Mathematica says $\displaystyle\sum_{k=1}^{n} \dfrac{\binom{n-1}{k-1}}{n^k} = \dfrac{(n+1)^{n-1}}{n^n}$. I would like to know how to show this equality.
The left hand side is the solution to a probability problem: Select integers (with replacement) from {1,2,...,n} until the cumulative sum of your selected integers is at least n. What is the probability that your cumulative sum is exactly n? The right hand side is the ratio of labeled trees on n+1 nodes to functions from [n] into [n]. A combinatorial proof to the equations would be great. I would settle for an analytic proof.

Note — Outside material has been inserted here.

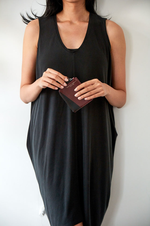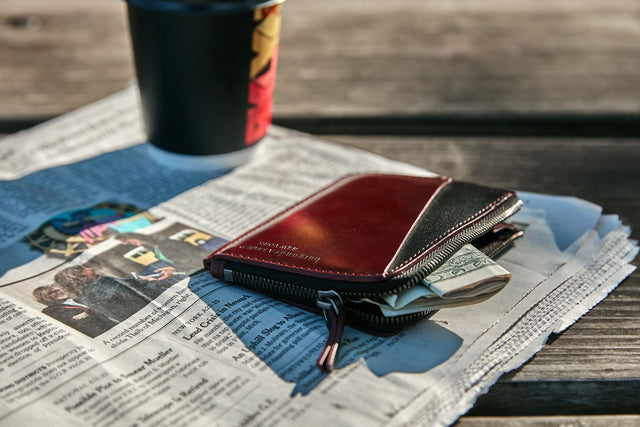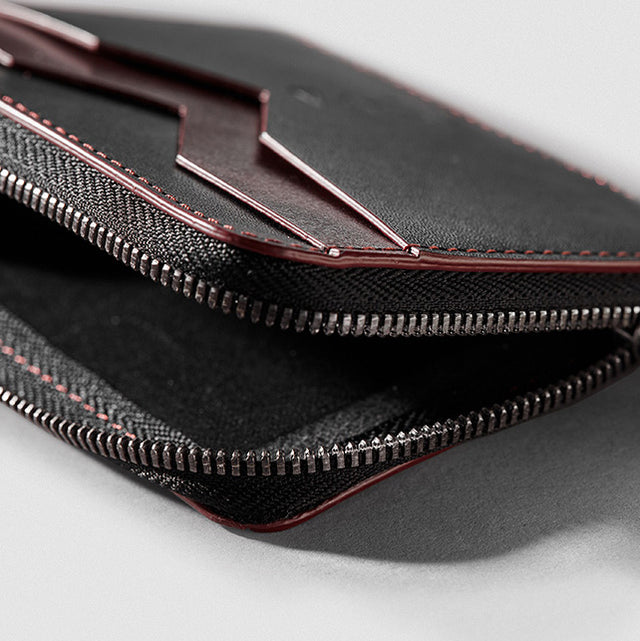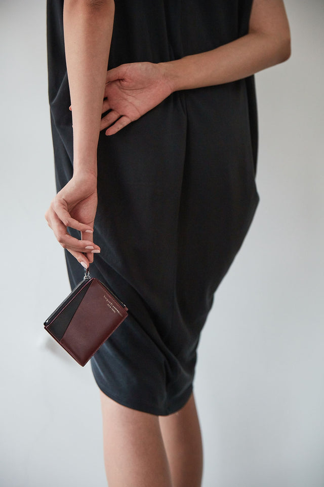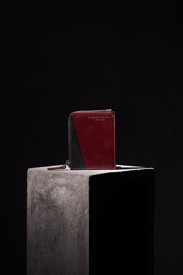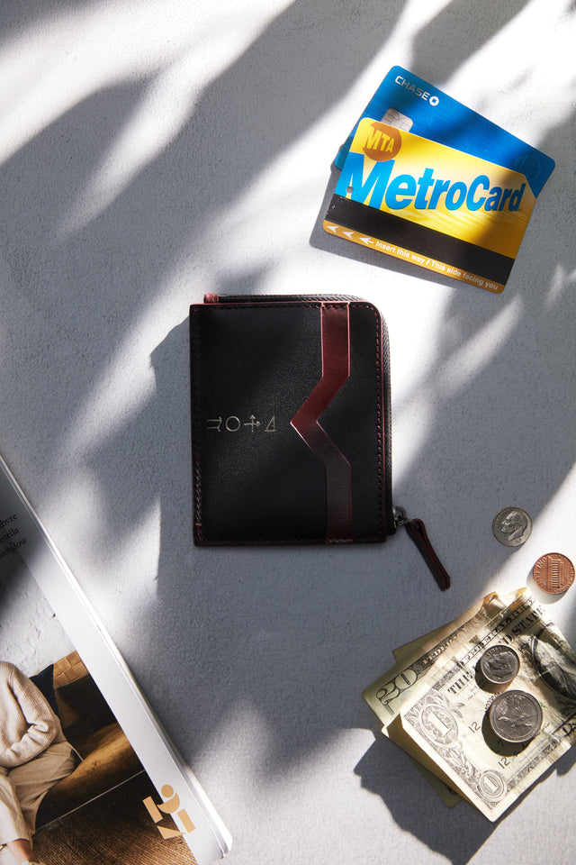 Not a fan of bulky wallets? Neither are we. Beta is specially designed to hold multiple cards and cash while appearing slim and elegant. The two-toned wallet is composed of burgundy and black vegetable-tanned leather, offering three slots for cards and a zippered compartment for bills and coins. Made in collaboration with Tina Fun, we reworked this piece repeatedly to ensure that the cards fit easily without sacrificing the wallet’s graceful profile.

According to the Binomial Theorem we get as a series expansion for $(n+1)^{n-1}$ the following
$$(1+n)^{n-1}=\sum_{k=0}^{n-1}\binom{n-1}{k}n^{n-1-k}$$
By applying the index shift $k'=k+1$ - and therefore $k=k'-1$ - we further get
$$\sum_{k=0}^{n-1}\binom{n-1}{k}n^{n-1-k}=\sum_{k'=1}^{n}\binom{n-1}{k'-1}n^{n-k'}$$
One may note that within the term $n^{n-k'}$ the $n^n$ is independed of the index. By reshaping the whole equality we get
$$\begin{align} (1+n)^{n-1}&=\sum_{k'=1}^{n}\binom{n-1}{k'-1}n^{n-k'}\\ &=n^n\sum_{k'=1}^{n}\frac{\binom{n-1}{k'-1}}{n^{k'}}\\ \Leftrightarrow \frac{(1+n)^{n-1}}{n^n}&=\sum_{k'=1}^{n}\frac{\binom{n-1}{k'-1}}{n^{k'}} \end{align}$$
which is your desired result.